[e-med] L'OMS lance le premier rapport mondial sur les troubles liés à la toxicomanie

L'OMS lance le premier rapport mondial sur les troubles liés à la
toxicomanie
http://www.un.org/apps/newsFr/storyF.asp?NewsID=23969&Cr=OMS&Cr1=
14 décembre 2010 -

Afin de mieux prévenir et traiter les troubles liés à la consommation
d'alcool et à l'usage de drogues illicites, l'Organisation mondiale de la
santé (<A href=" http://www.who.int/fr/&quot;&gt;OMS\) a lancé mardi le premier
Rapport mondial sur les ressources disponibles pour traiter les problèmes de
santé découlant de la toxicomanie.

Intitulé « Atlas sur la toxicomanie : Ressources pour la prévention et le
traitement des troubles liés aux substances », le rapport a été publié à
l'occasion d'un séminaire international sur les systèmes de traitement de la
toxicomanie organisé par l'OMS à Valence, en Espagne. Le document compile
des informations provenant de 147 pays, soit environ 88% de la population
mondiale, et met plus particulièrement l'accent sur les pays à revenus
faibles et intermédiaires.

« L'alcool et les drogues illicites nuisent à des millions de personnes, de
manières multiples. Cela va de la dépendance à ces substances, aux problèmes
de santé comme les maladies cardiovasculaires, le VIH, l'hépatite C ou le
cancer », a souligné le Directeur du département Santé mentale et abus de
substances au sein de l'OMS, le Dr Shekhar Saxena.

L'alcool, les drogues illicites et autres substances psychoactives altèrent
en effet les fonctions du cerveau, affectant l'humeur, la perception et la
conscience. La consommation de substances psychoactives peut donc entraîner
des problèmes psychologiques et psychosociaux, la perte d'emploi, des
problèmes de criminalité et la désocialisation des consommateurs, en plus du
syndrome de la dépendance, le plus répandu.

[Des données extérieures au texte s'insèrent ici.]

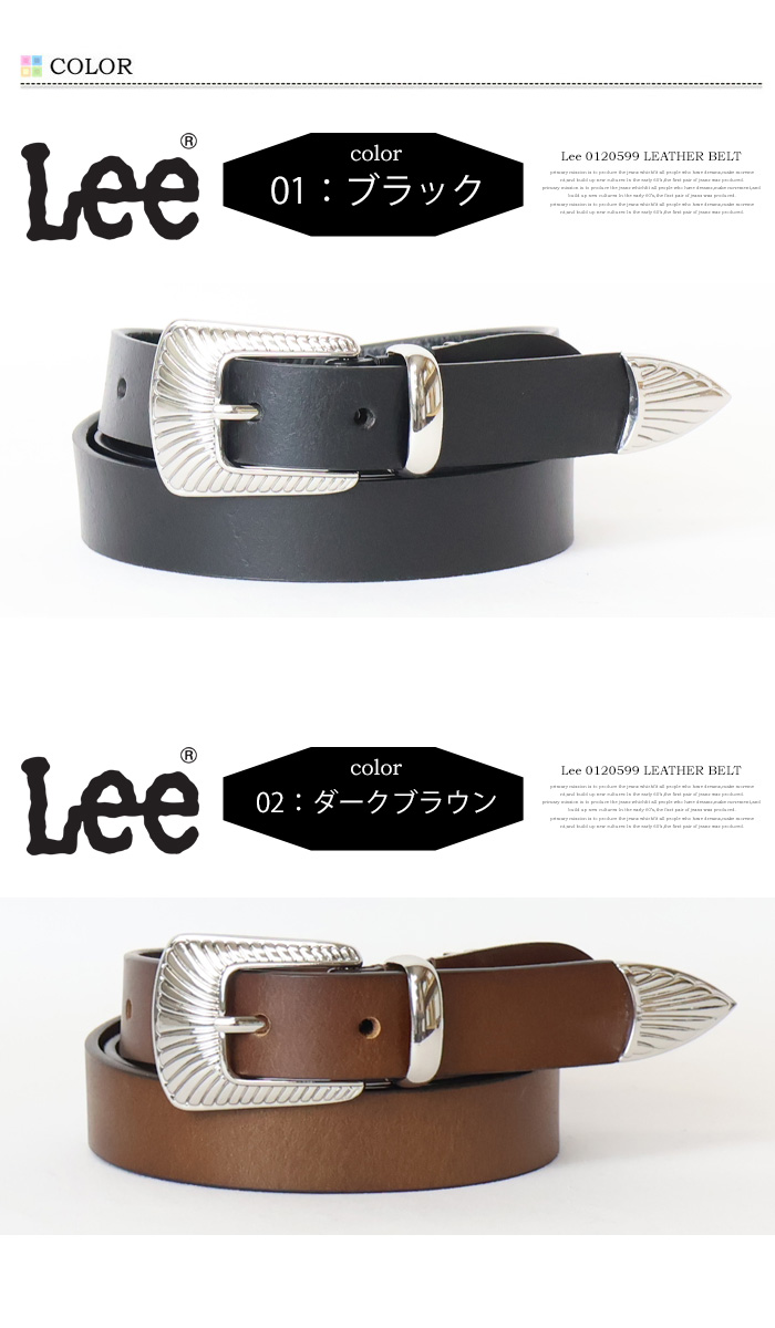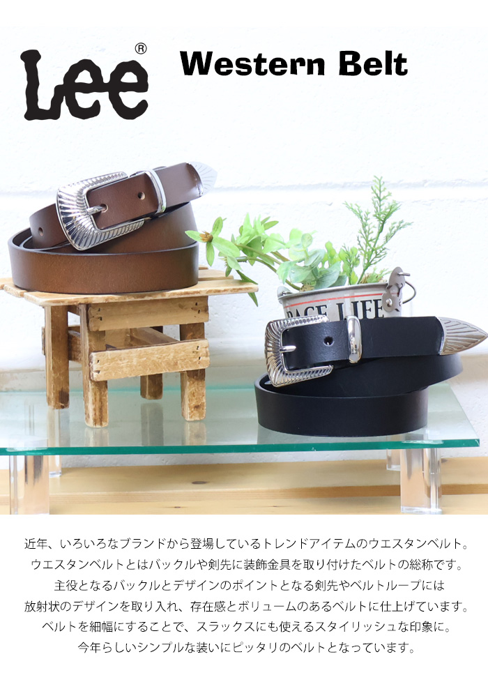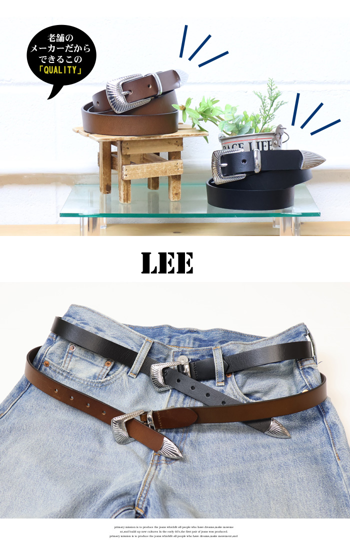Lee リー ウエスタンベルト レザーベルト 3点尾錠ベルト ウエスタンバックルベルト 細い メタルループ 牛革 本革 メンズ カット可 0120599
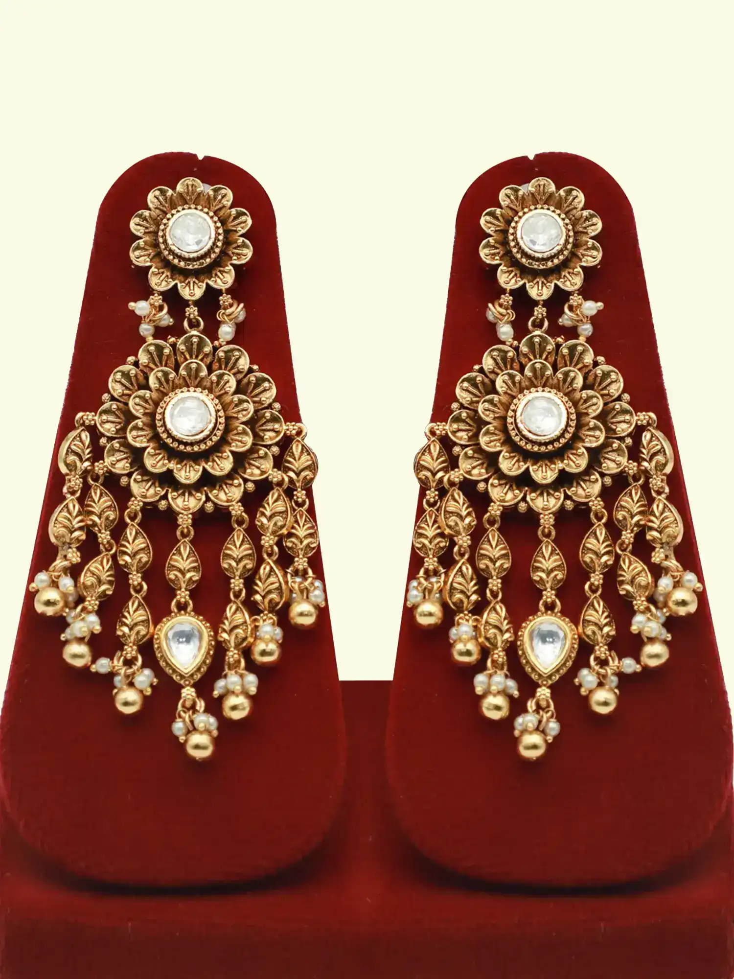 Designed for modern brides who love regal, traditional Indian jewelry, this set features intricate detailing, premium quality stones and a luxurious antique gold finish that enhances the beauty of every wedding outfit.
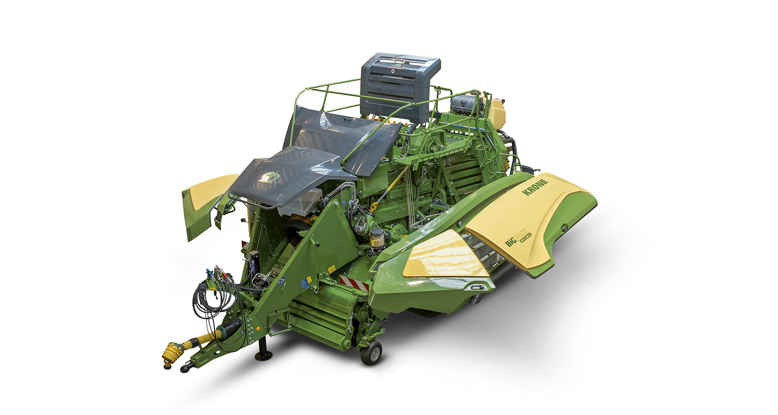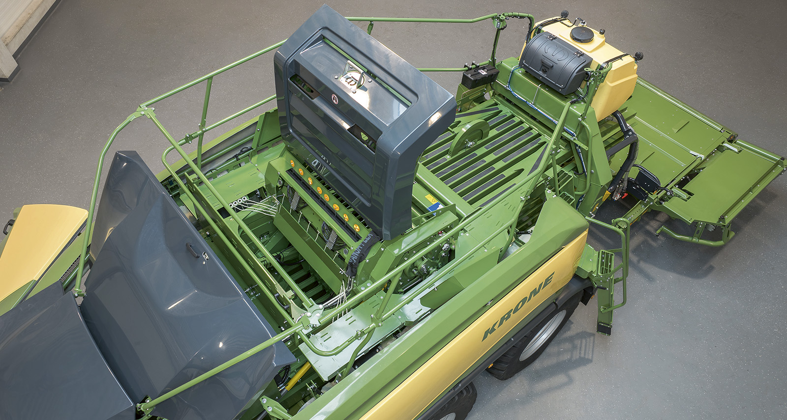 Der patentierte Antrieb mit integrierter Überlastkupplung bildet die Grundlage für hohen Durchsatz bei maximaler Pressdichte und steht damit exemplarisch für die funktionale Leistungsfähigkeit der Maschine. Die Active Pick-up gewährleistet eine saubere und verlustarme Aufnahme des Ernteguts, während das VariCut-Schneidwerk präzise und flexibel einstellbare Schnittlängen ermöglicht.
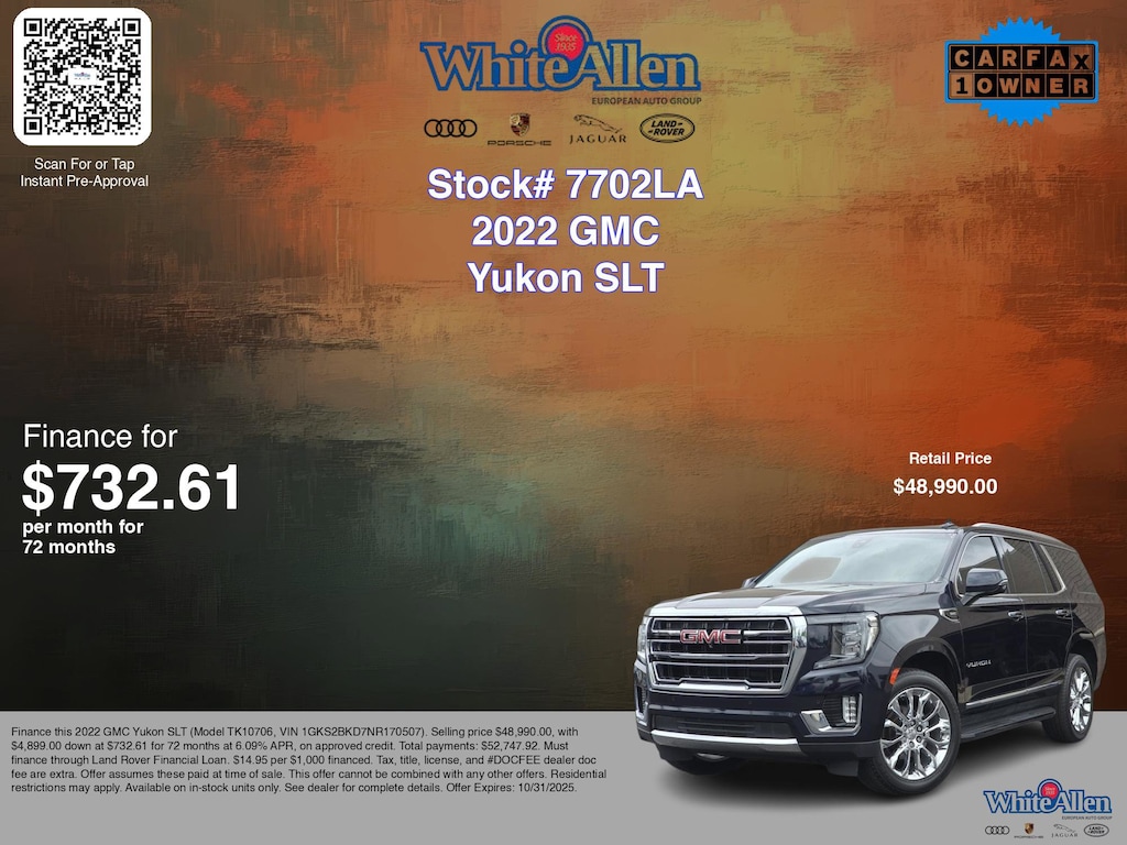 Disclaimer: Finance this 2022 GMC Yukon SLT (Model TK10706, VIN 1GKS2BKD7NR170507). Selling price $48,990.00, with $4,899.00 down at $732.61 for 72 months at 6.09% APR, on approved credit. Total payments: $52,747.92. Must finance through Land Rover Financial Loan. $14.95 per $1,000 financed. Tax, title, license, and #DOCFEE dealer doc fee are extra. Offer assumes these paid at time of sale. This offer cannot be combined with any other offers. Residential restrictions may apply. Available on in-stock units only. See dealer for complete details. Offer Expires: 10/31/2025.
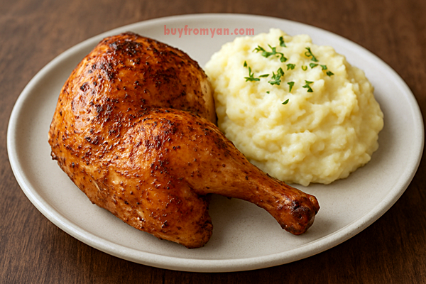 Accompanying the roasted chicken is a side of smooth, creamy mashed potatoes that pair perfectly with the tender chicken. Made from fresh, high-quality potatoes and blended with butter and a touch of cream, this side dish offers a harmonious balance of flavor and texture. With every bite, you’ll experience the heartwarming satisfaction that only good comfort food can provide. The mashed potatoes are lightly seasoned, allowing the natural richness to shine, all while complementing the savoriness of the roasted chicken.
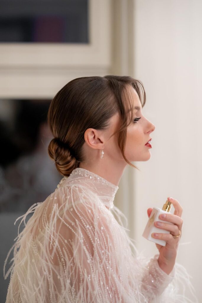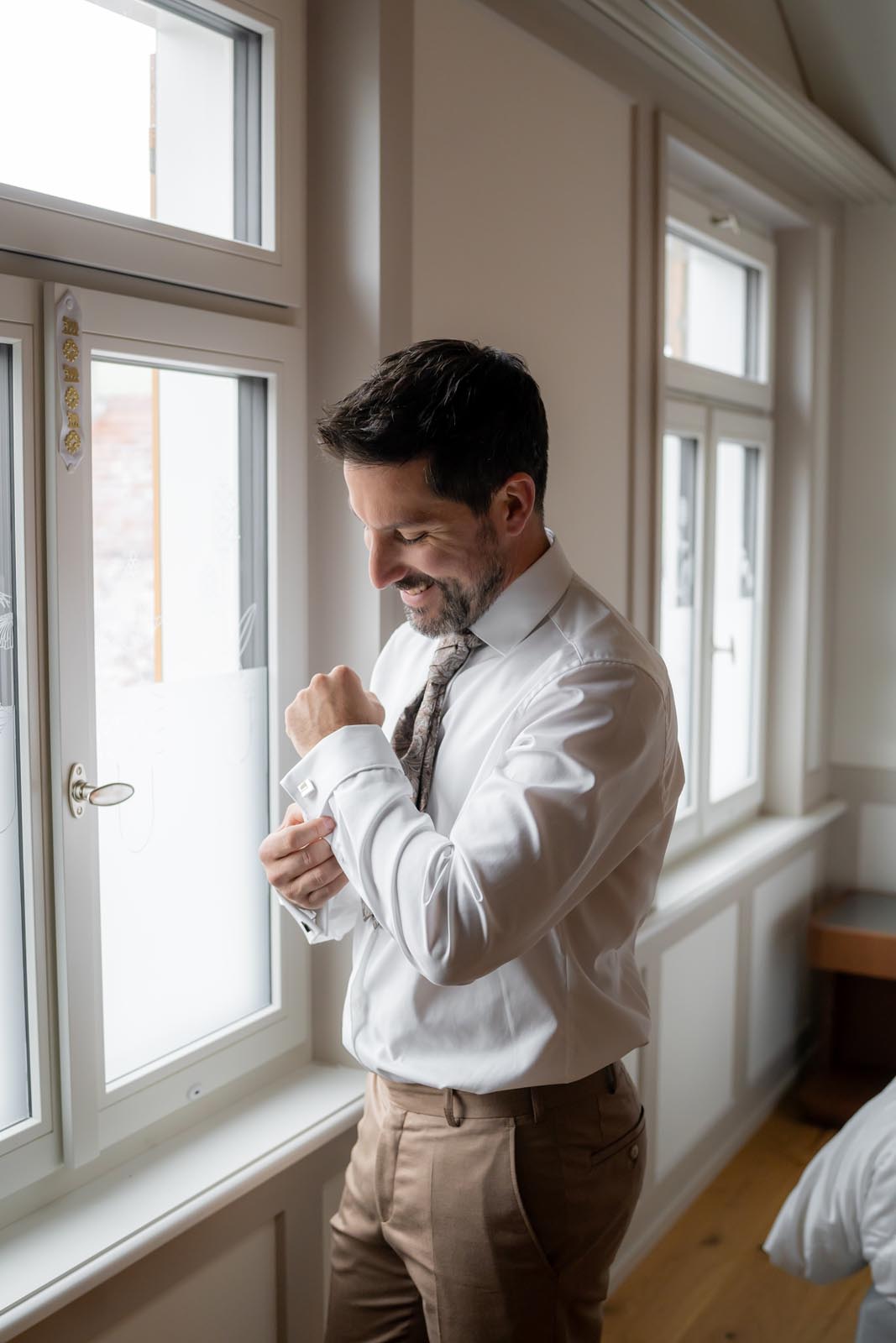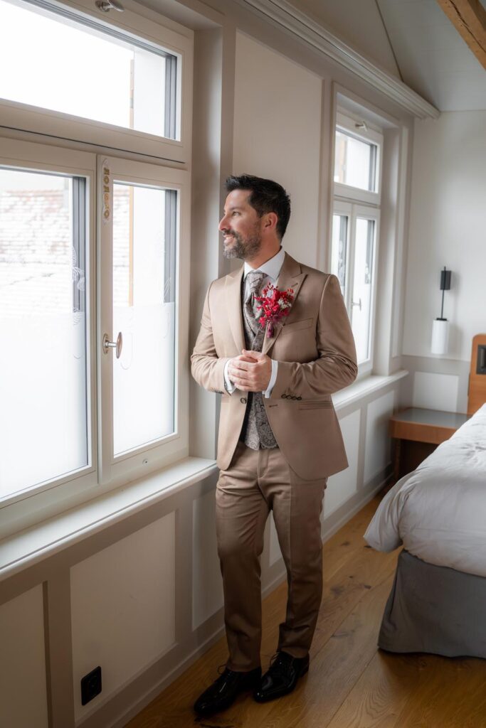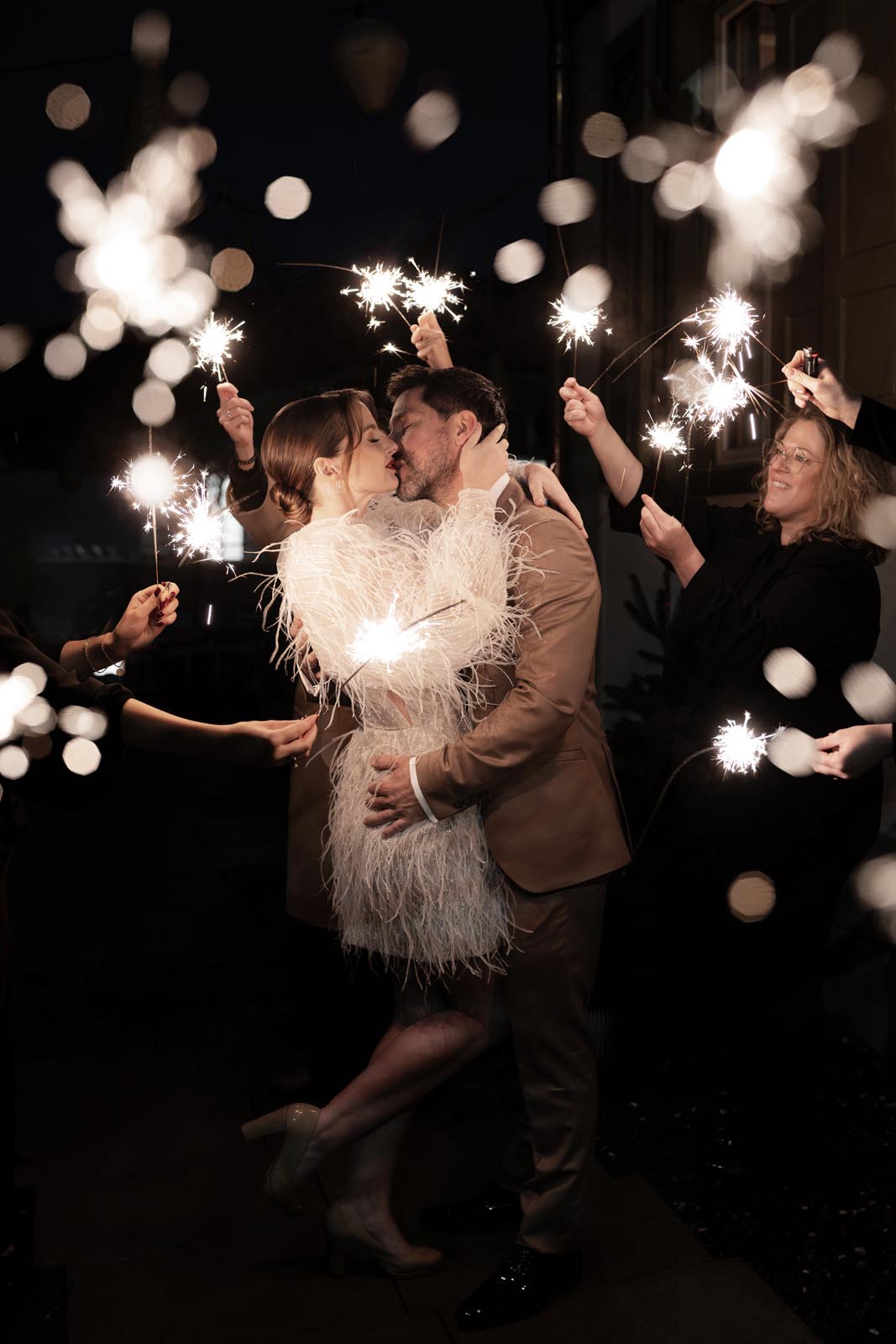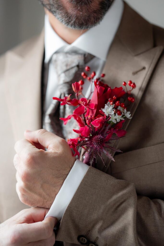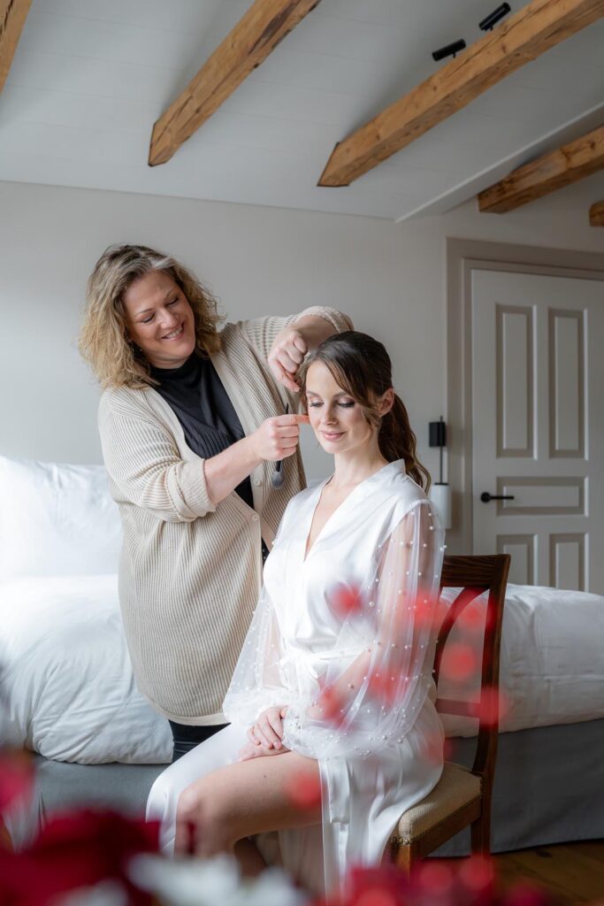 Ein wunderschönes Hochzeitsshooting in der weihnachtlichen Atmosphäre des Appenzeller Huus – Rot- und Goldtöne, Kerzenschein, Lichterketten – ein Hochzeitstraum inmitten einer verschneiten, winterlichen Atmosphäre.
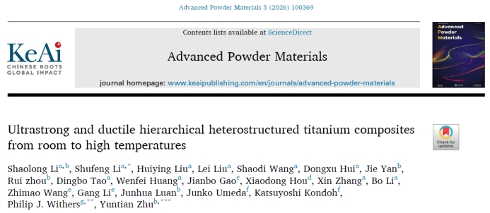 近日,我校材料科学与工程学院粉末冶金与增材制造金属基复合材料课题组在先进金属结构材料领域取得重要突破,相关研究结果以“Ultrastrong and ductile hierarchical heterostructured titanium composites from room to high temperatures”为题发表于材料领域国际顶级期刊《Advanced Powder Materials》(影响因子:24.9)。该成果由西安理工大学联合香港城市大学、英国曼彻斯特大学、日本大阪大学及北京高能物理研究所等单位合作完成。西安理工大学为第一作者单位,材料学院博士生李少龙为论文第一作者,西安理工大学李树丰教授、香港城市大学朱运田教授(联合培养博士生导师、西安理工大学名誉教授)和英国曼彻斯特大学Philip J. Withers教授为论文的共同通讯作者。
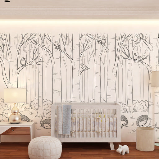 Zobrazit celý detailDětská pokojová tapeta | Odpočinek v lese s ježky a ptáky
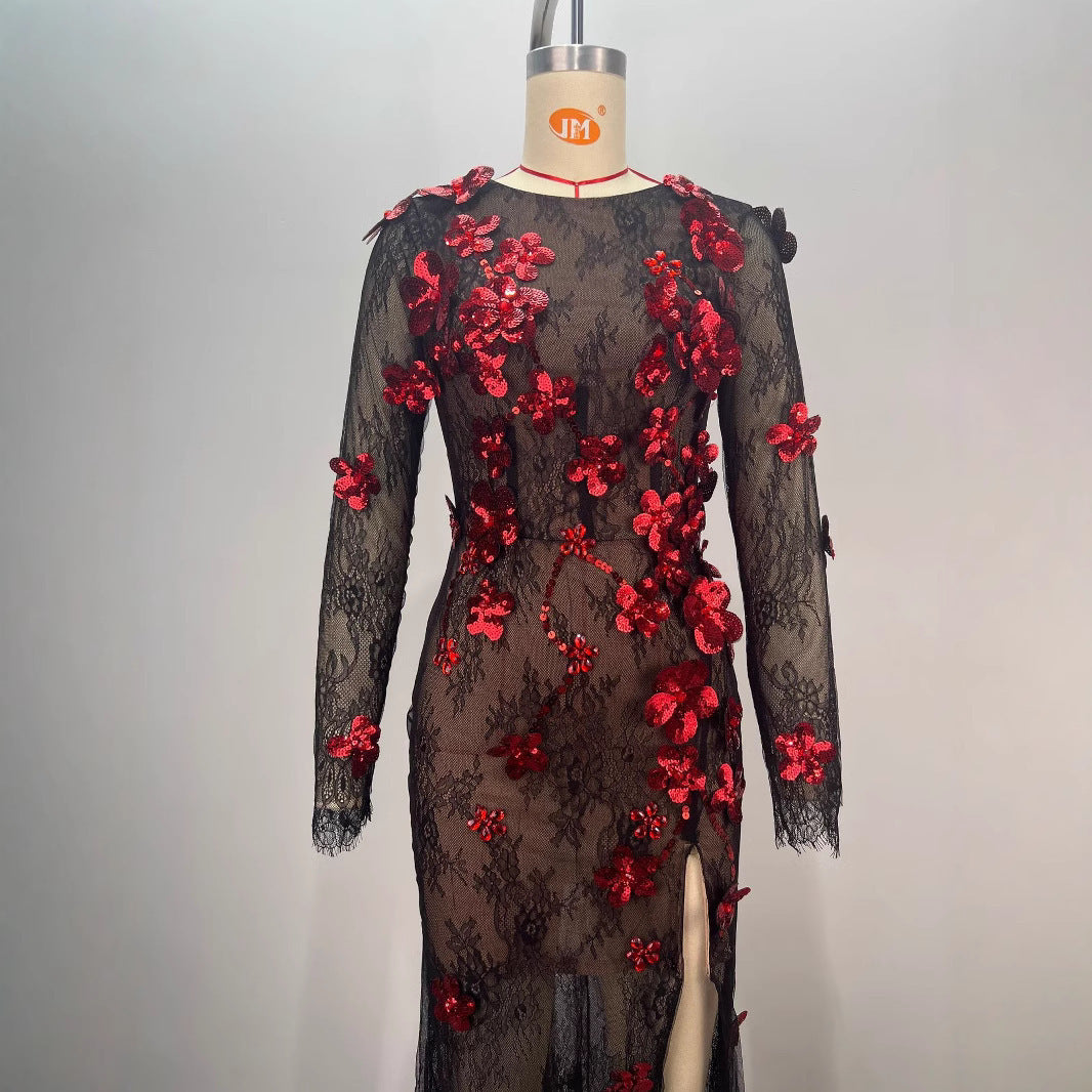 Round Neck Lace See-through Sequined Slit Slim-fitting Birthday Party Evening Dress

Selon le Dr Shekhar Saxena, « ce nouvel atlas sur la toxicomanie montre que
les ressources pour réduire ce mal existent aujourd'hui dans différentes
parties du monde. Il met aussi en évidence les lacunes importantes qui
existent dans les services offerts aux malades, et qui doivent être
surmontés ».
Le rapport de l'OMS se penche sur des questions telles que les niveaux de
financement des gouvernements, les dotations pour la prévention et les
traitements de la toxicomanie, les politiques également mises en ouvre à
l'échelon national ou local, et les législations existantes. Il passe
également en revue les mesures qui répondent aux besoins des personnes
souffrant de toxicomanie et met en avant les lacunes des réponses et les
défis à relever pour les combler.

Le rapport établit par exemple que beaucoup plus de personnes souffrent de
troubles liés à l'alcool qu'à la consommation de drogues, mais que ces deux
types de toxicomanie sont beaucoup plus fréquents chez les hommes que les
femmes.

Il souligne aussi que dans la majorité des pays de la planète, les demandes
de traitements sont liées à une surconsommation d'alcool, à l'exception des
Amériques, où la demande de traitement est principalement liée à des
troubles nés de l'usage de cocaïne.

L'Atlas de l'OMS fournit également une série de statistiques, comme les
décès liés à l'alcool qui concernent chaque année en moyenne 35 personnes
sur 100.000, et ceux liés aux drogues illicites, qui frappent quatre
personnes 100.000.

Par ailleurs, l'OMS déplore aussi que seulement deux-tiers des pays de la
planète disposent d'un service ou de fonctionnaires spécialement
responsables des traitements de la toxicomanie. Elle regrette également que
moins de la moitié des pays octroient un budget spécifique aux traitements
de ces troubles, en particulier en Afrique qui est le continent avec le
moins de pays ayant des politiques en matière de toxicomanie.

En conclusion, l'OMS estime que « les gouvernements doivent investir
financièrement et octroyer des ressources et du personnel pour fournir des
services efficaces permettant de prévenir et de traiter les troubles liés à
la toxicomanie ». « La participation de groupes de la société civile est
également nécessaire pour que les prestations de soins puissent être
accessibles aux personnes dans le besoin ».